We can get the values of First_Line and Last_Line for all of the tasks by first changing the context to attached by typing on attached and then using the print command:

+--------------------------------------------------------------------------------+
|pdbx(0) on attached                                                             |
|                                                                                |
|pdbx(attached) print First_Line                                                 |
|   0:0                                                                          |
|   1:0                                                                          |
|   3:32                                                                         |
|   2:16                                                                         |
|                                                                                |
|pdbx(attached) print Last_Line                                                  |
|   0:0                                                                          |
|   1:16                                                                         |
|   3:48                                                                         |
|   2:32                                                                         |
+--------------------------------------------------------------------------------+

As you can see:

So, what happened to lines 48 and 49? Since each row is 50 pixels wide, and we are missing 2 rows, that explains the 100 missing messages. As you have probably already figured out, the division of the total number of lines by the number of tasks is not integral, so we lose part of the result when it is converted back to an integer. Where each task is supposed to be processing 16 and two-thirds lines, it is only handling 16.

Fix the problem

So how do we fix this problem permanently? We can proceed in one of the following ways:

In our case, since Task 1 was responsible for 16 and two thirds rows, it would process rows 0 through 16. Task 2 would process 17-33, and Task 3 would process 34-49. The way we're going to solve it is by creating blocks, with as many rows as there are servers. Each server is responsible for one row in each block (the offset of the row in the block is determined by the server's task number). The fixed code is shown in the following example. Note that this is only part of the program. You can access the entire program from the IBM RS/6000 World Wide Web site. See Accessing PE documentation online for more information.

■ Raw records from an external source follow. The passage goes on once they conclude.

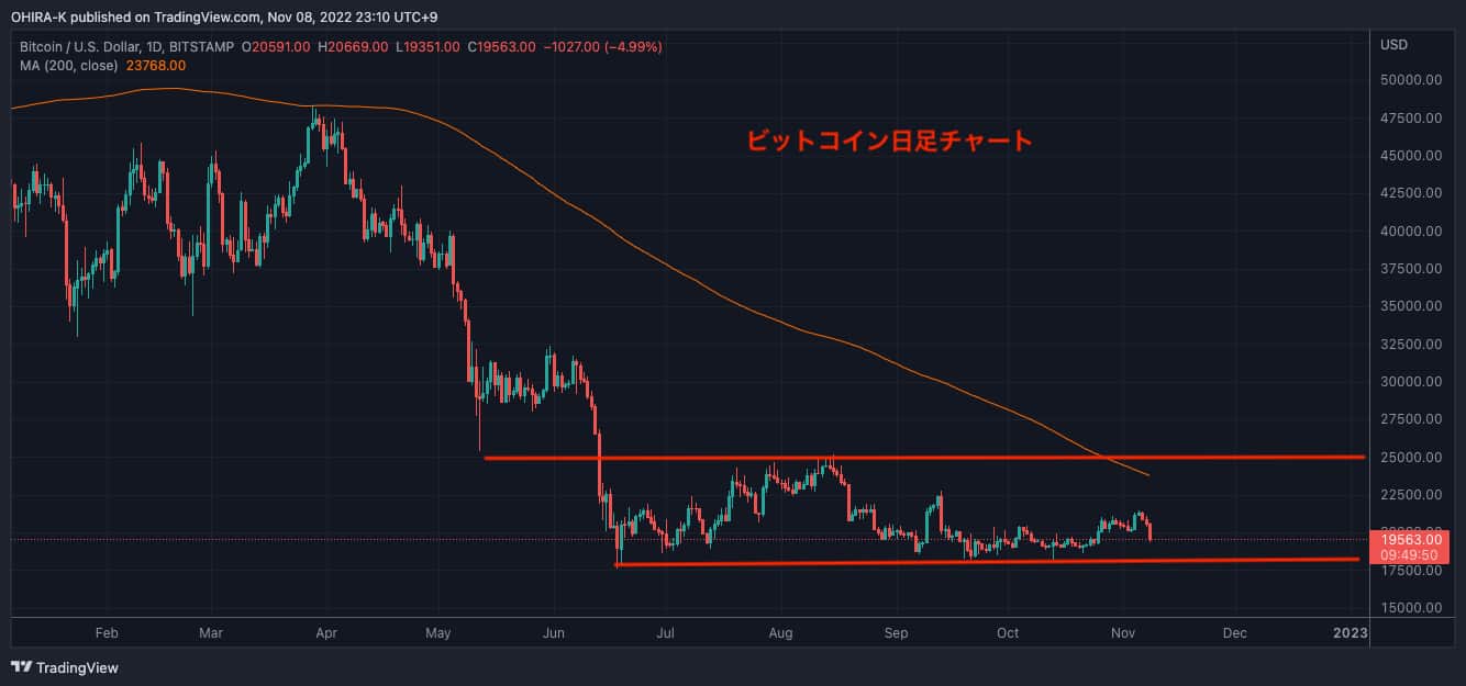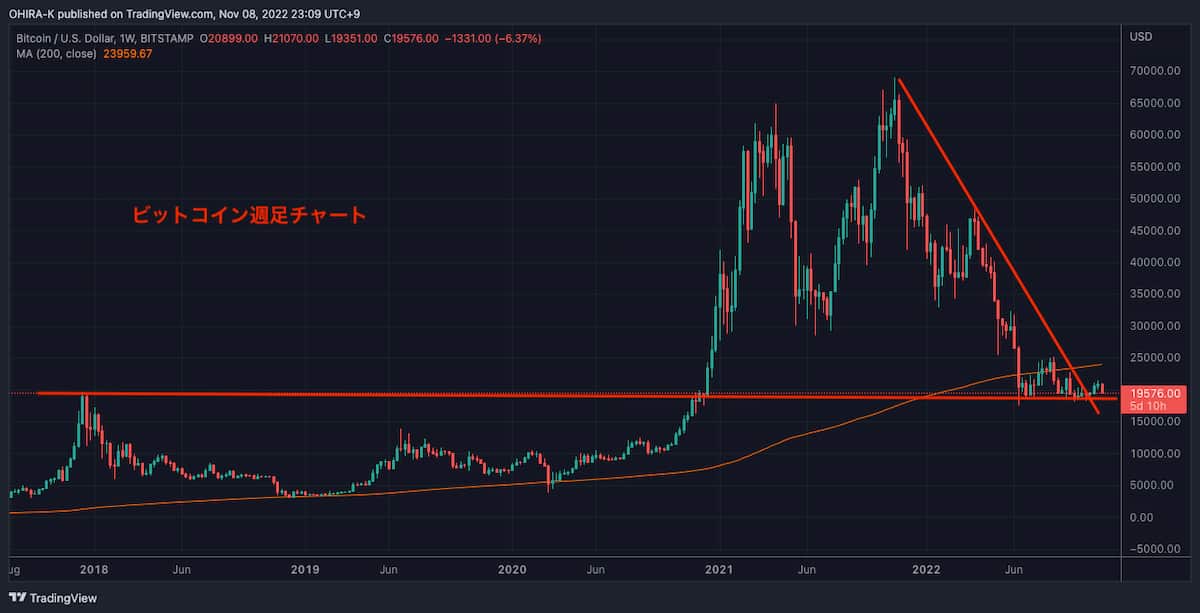 先週イーロン·マスクのTwitter買収を契機に仮想通貨市場全体が大きく高騰したものの、直近で発生したBinanceのCEO、CZ とFTXのCEO、samとの係争が発端となりまた上昇前の価格に戻っています。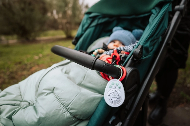 Lässt sich einfach am Kinderbett, Kinderwagen oder Autositz befestigen. Der ideale Helfer zu Hause und auf Reisen für ruhigen Schlaf überall.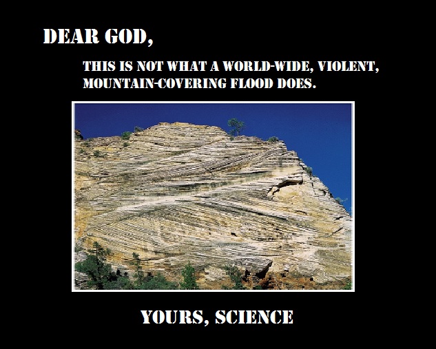 This is an amazing example of layers and cross-bedding, where the direction of the propelling force (in this case both wind and water) changed repeatedly over time, a lot longer than 40 days and 40 nights. This webpage is a very good overview of the stratigraphy of Zion National Park.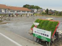 今日は5年生が田植え体験学習をしました。いつもお世話になっている田んぼの先生の大浦さんから植え方を教わった後、田んぼに入って苗を植えていきました。子どもたちはすぐに慣れて、どんどん上手になっていきました。今日は英田公民館やくらし安心ネットワークの方々など、多くの方に手伝っていただきました。ありがとうございました。

/************************************************************************
*
* Ray trace program with bug corrected
*
* To compile:
* mpcc -g -o rtrace_good rtrace_good.c
*
*
* Description:
* This is part of a sample program that partitions N tasks into
* two groups, a collect node and N - 1 compute nodes.
* The responsibility of the collect node is to collect the data
* generated by the compute nodes. The compute nodes send the
* results of their work to the collect node for collection.
*
* The bug in the original code was due to the fact that each processing
* task determined the rows to cover by dividing the total number of
* rows by the number of processing tasks.  If that division was not
* integral, the number of pixels processed was less than the number of
* pixels expected by the collection task and that task waited
* indefinitely for more input.
*
* The solution is to allocate the pixels among the processing tasks
* in such a manner as to ensure that all pixels are processed.
*
************************************************************************/
 
compute_pixels(int taskid, int numtask)
{
  int  offset;
  int  row, col;
  int  pixel_data[2];
  MPI_Status stat;
 
  printf("Compute #%d: checking in\n", taskid);
 
  First_Line = (taskid - 1);
     /* First n-1 rows are assigned */
     /* to processing tasks         */
  offset = numtask - 1;
     /* Each task skips over rows   */
     /* processed by other tasks    */
 
     /* Go through entire pixel buffer, jumping ahead by numtask-1 each time */
for (row = First_Line; row < PIXEL_HEIGHT; row += offset)
  for ( col = 0; col < PIXEL_WIDTH; col ++)
    {
      pixel_data[0] = row;
      pixel_data[1] = col;
      MPI_Send(pixel_data, 2, MPI_INT, 0, 0, MPI_COMM_WORLD);
    }
  printf("Compute #%d: done sending. ", taskid);
  return;
}

This program is the same as the original one except for the loop in compute_pixels. Now, each task starts at a row determined by its task number and jumps to the next block on each iteration of the loop. The loop is terminated when the task jumps past the last row (which will be at different points when the number of rows is not evenly divisible by the number of servers).

What's the hangup?

The symptom of the problem in the rtrace_bug program was a hang. Hangs can occur for the same reasons they occur in serial programs (in other words, loops without exit conditions). They may also occur because of message passing deadlocks or because of some subtle differences between the parallel and sequential environments.

Using the debugger to analyze sometimes indicates that the source of a hang is a message that was never received, even though it's a valid one, and even though it appears to have been sent. In these situations, the problem is probably due to lost messages in the communication subsystem. This is especially true if the lost message is intermittent or varies from run to run. This is either the program's fault or the environment's fault. Before investigating the environment, you should analyze the program's safety with respect to MPI. A safe MPI program is one that does not depend on a particular implementation of MPI. You should also examine the error logs for evidence of repeated message transmissions (which usually indicate a network failure).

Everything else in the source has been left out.